Hannah Mary Tabbs and the Disembodied Torso: A Tale of Race, Sex, and Violence in America

Image of Hannah Mary Tabbs and the Disembodied Torso: A Tale of Race, Sex, and Violence in America
Author(s): 
Release Date: 
February 2, 2016
Publisher/Imprint: 
Oxford University Press
Pages: 
232
Reviewed by: 

“an engrossing whodunit and a gripping read . . .”

Hannah Mary Tabbs and the Disembodied Torso is a historical whodunit based on events that took place in Philadelphia in 1887. The story begins with the discovery in a river of a headless, limbless, male torso of ambiguous ethnicity.

The historian Kali Nicole Gross considers that the possibility of the torso’s belonging to a white male made the authorities at the time take the crime more seriously.

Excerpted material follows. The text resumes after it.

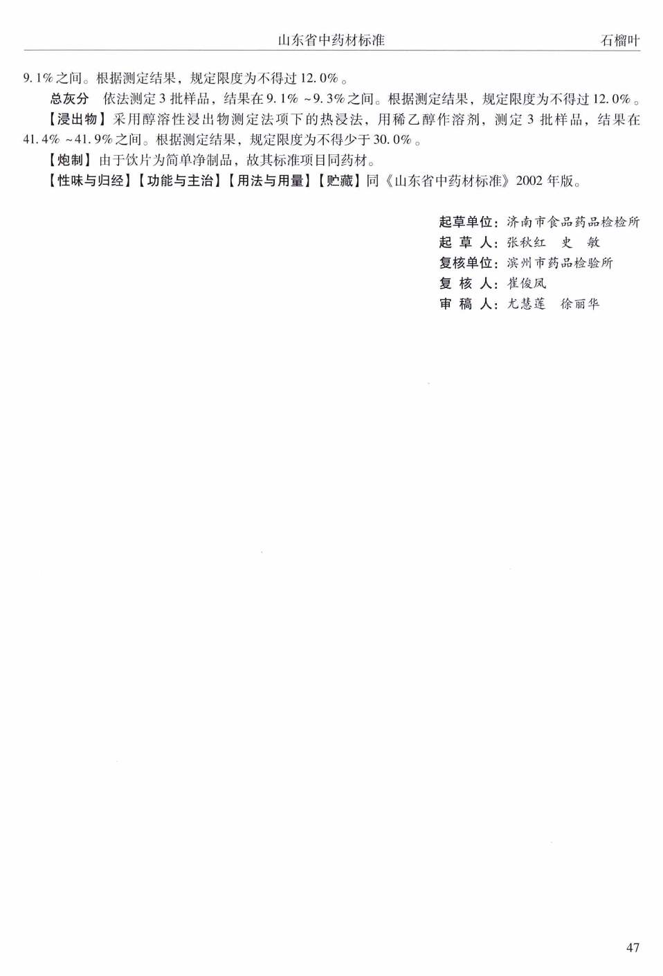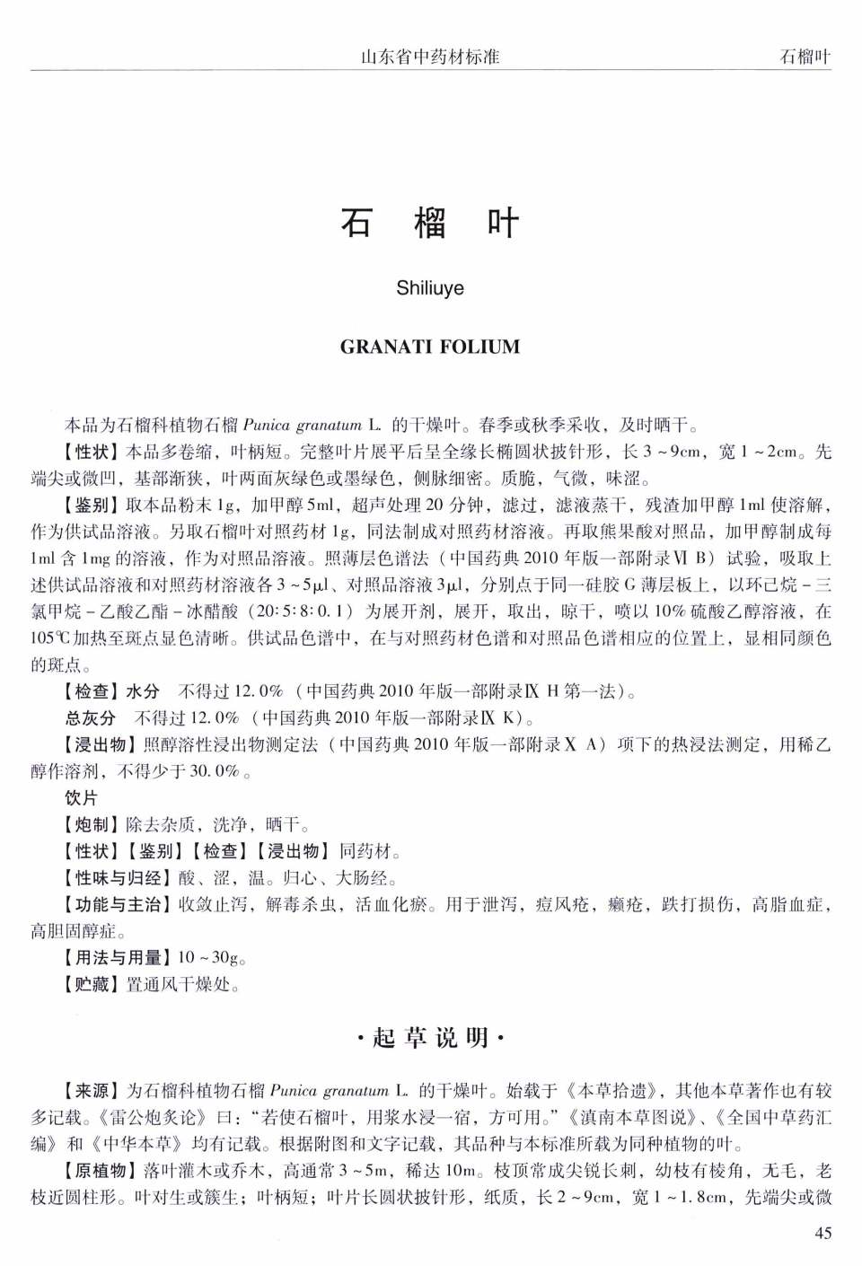 山东省中药材标准 > 石榴叶
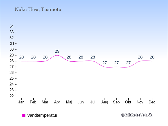 Se klimadata for Nuku Hiva sammenlignet med klimaet i Danmark.

Gross plunges into the minutiae of the chase using detectives’ notes, court and prison records, local newspapers, and other archives. The torso proves eventually to belong to Silas Wakefield Gaines, described elsewhere as “a dark mulatto” apparently killed by his female lover, Tabbs, and his friend George H. Wilson, although exact attribution of who did what and why will always remain a mystery given the web of counter-accusations and evasions that ensued—and in the absence of fingerprinting, DNA analysis, and surveillance cameras at the time.

While Gross thinks on balance that Tabbs was the killer, she received a sentence of only two years while Wilson was sentenced to 12 years in solitary confinement, eventually commuted to nine years and three months.

The historian is fascinated by Hannah Mary Tabbs as representing a type rarely glimpsed in black women’s history: that of a violent, devious, sexually aggressive “anti-heroine” who managed to manipulate the criminal justice system through her meek and decorous demeanour in court, which both the black and the white communities found convincing.

On the other hand her “colored” accomplice Wilson was the subject of “fear, anxiety, and suspicion” because of his relative “whiteness” and took the fall for a crime he had no reason to commit.

Gross shows tremendous mastery of details—even down to the decoration of detective Chief Kelly’s office. But the rapid introduction of indistinguishable, apparently minor characters threatens to overwhelm the narrative, especially in the initial stages. But then, as the author states in the beginning, she would like the reader to experience this story as she did with all its uncertainties and gaps. In this she has succeeded.

The reader not familiar with this period of American history would also benefit from more background and contextual data without which Gross’ analysis of the dynamics of gender, race, and class being played out in this case—while extremely interesting and ultimately convincing—seems imposed upon rather than emerging from the material presented.

There are tantalizing glimpses of background and contextual data that could have been further expanded and elaborated and more strategically placed. For example, with reference to the enormous attention and shock engendered by this case, even in Wilson himself, Gross writes:

“The principal actors—one a black southern migrant and one a northern mulatto light enough to pass—embodied the complicated dynamics that the country, just twenty-two years removed from slavery, still struggled to negotiate. Tabbs with her browner skin, pronounced southern drawl and deferential manner in court had the potential to set white people at ease; possibly tapping into a type of nostalgia for bygone days—with romantic notions of plantation life. Wilson on the other hand seemed poised to invoke everything that disturbed so many in the late 19th century—from his inscrutable blackness and seamless mobility between black and white spaces in the city to his unconcerned almost haughty manner.”

This is excellent stuff and more of it, and much earlier, would have helped to compensate for the paucity of data on the two main protagonists, and provided a better explanation for the reactions of others to them. Perhaps historian Gross should next consider a bio-fiction treatment of these fascinating characters and events given the understandable gaps in her data.

Nevertheless, Hannah Mary Tabbs and the Disembodied Torso is an engrossing whodunit and a gripping read with a suitably ambiguous ending that is not easy to forget.